## WORK REQUEST
Going through the material below, output exactly the lines from the one containing "10月16日,第三十六届韩素" through the one containing "The photo above", and no pictures.

## STUDY MATERIAL
Start of Block

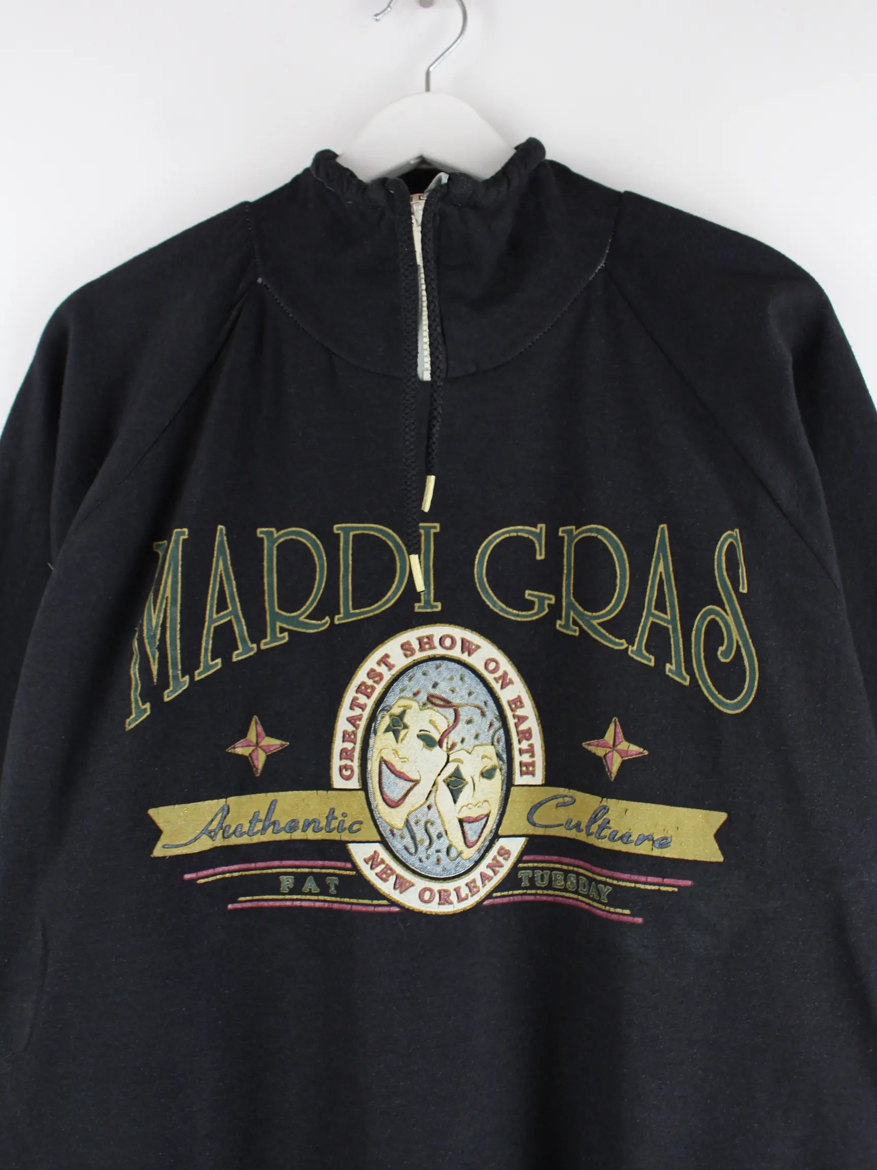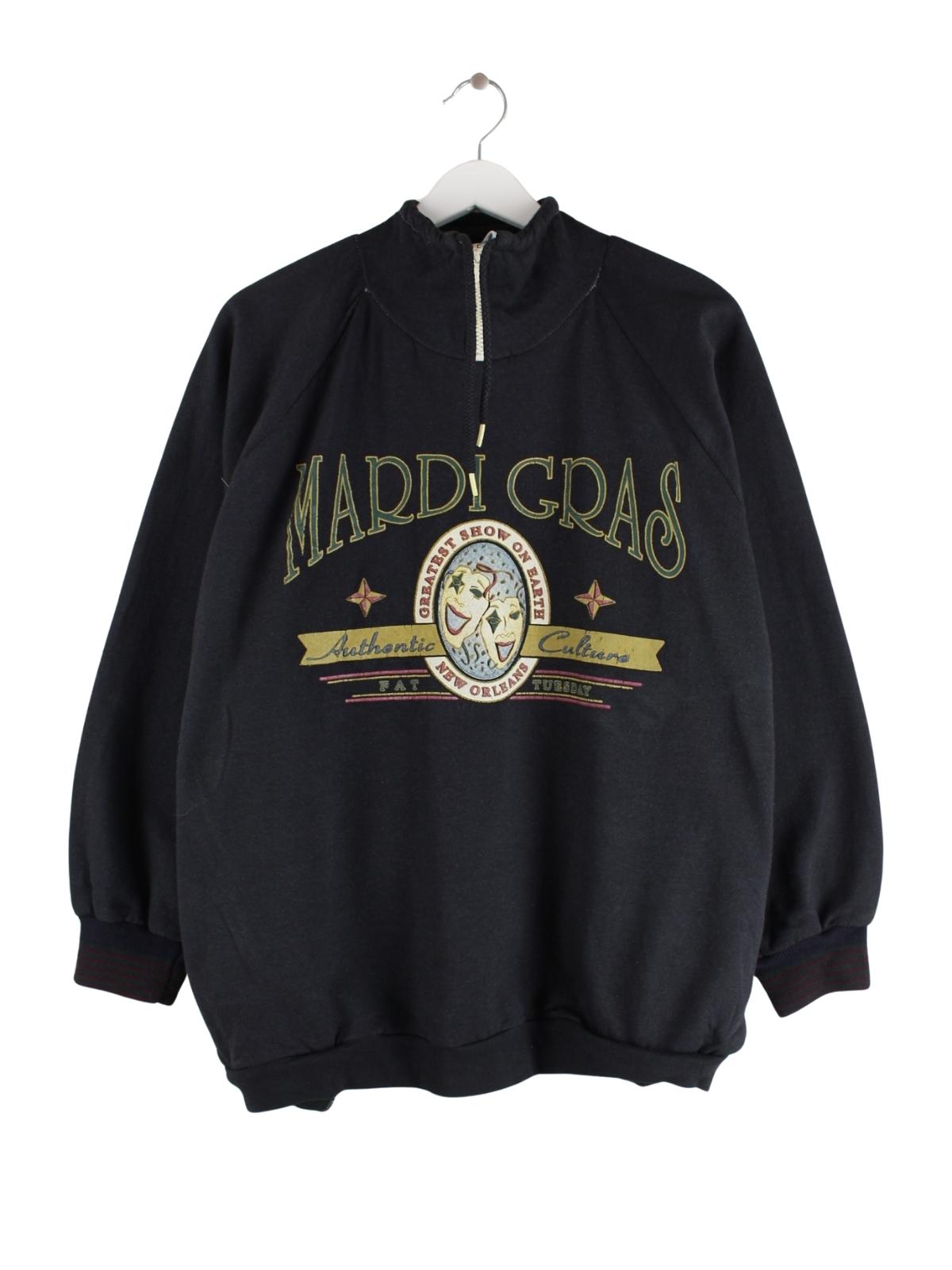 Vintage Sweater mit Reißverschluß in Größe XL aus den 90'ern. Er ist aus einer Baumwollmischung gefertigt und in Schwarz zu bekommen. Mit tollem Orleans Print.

End of Block
Start of Block

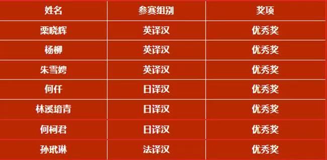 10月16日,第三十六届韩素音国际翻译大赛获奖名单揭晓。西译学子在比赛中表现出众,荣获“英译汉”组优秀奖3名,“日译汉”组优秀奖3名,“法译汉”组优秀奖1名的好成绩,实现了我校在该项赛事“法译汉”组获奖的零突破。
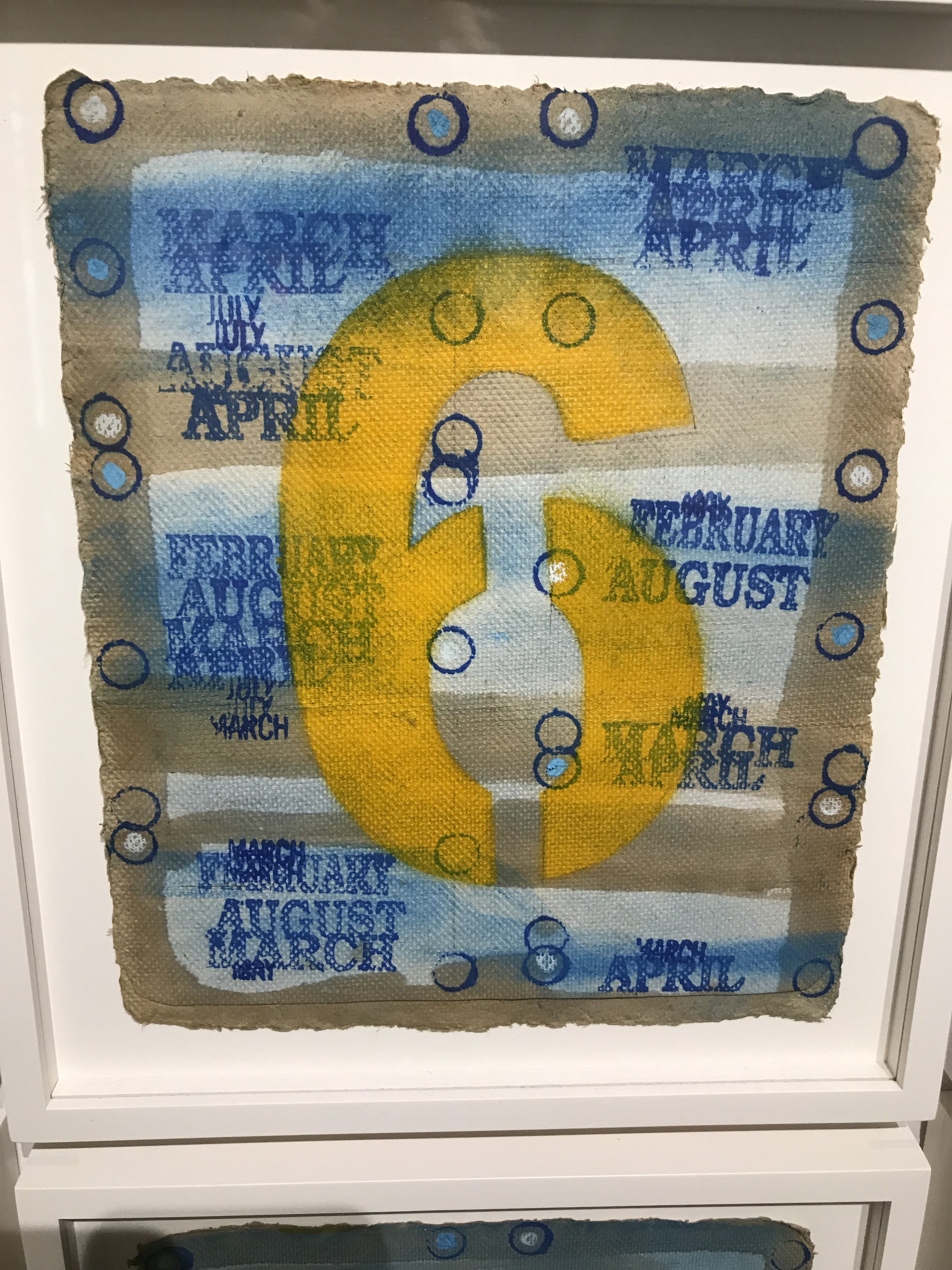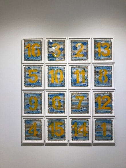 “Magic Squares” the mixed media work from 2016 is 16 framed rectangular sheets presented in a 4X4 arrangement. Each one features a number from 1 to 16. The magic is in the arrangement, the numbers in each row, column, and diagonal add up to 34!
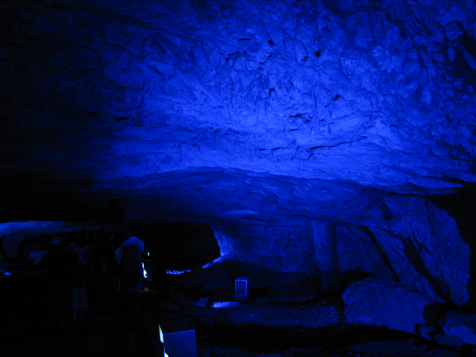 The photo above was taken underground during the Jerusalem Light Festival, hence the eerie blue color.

End of Block

## PROBLEM SOLUTION
 10月16日,第三十六届韩素音国际翻译大赛获奖名单揭晓。西译学子在比赛中表现出众,荣获“英译汉”组优秀奖3名,“日译汉”组优秀奖3名,“法译汉”组优秀奖1名的好成绩,实现了我校在该项赛事“法译汉”组获奖的零突破。
 “Magic Squares” the mixed media work from 2016 is 16 framed rectangular sheets presented in a 4X4 arrangement. Each one features a number from 1 to 16. The magic is in the arrangement, the numbers in each row, column, and diagonal add up to 34!
 The photo above was taken underground during the Jerusalem Light Festival, hence the eerie blue color.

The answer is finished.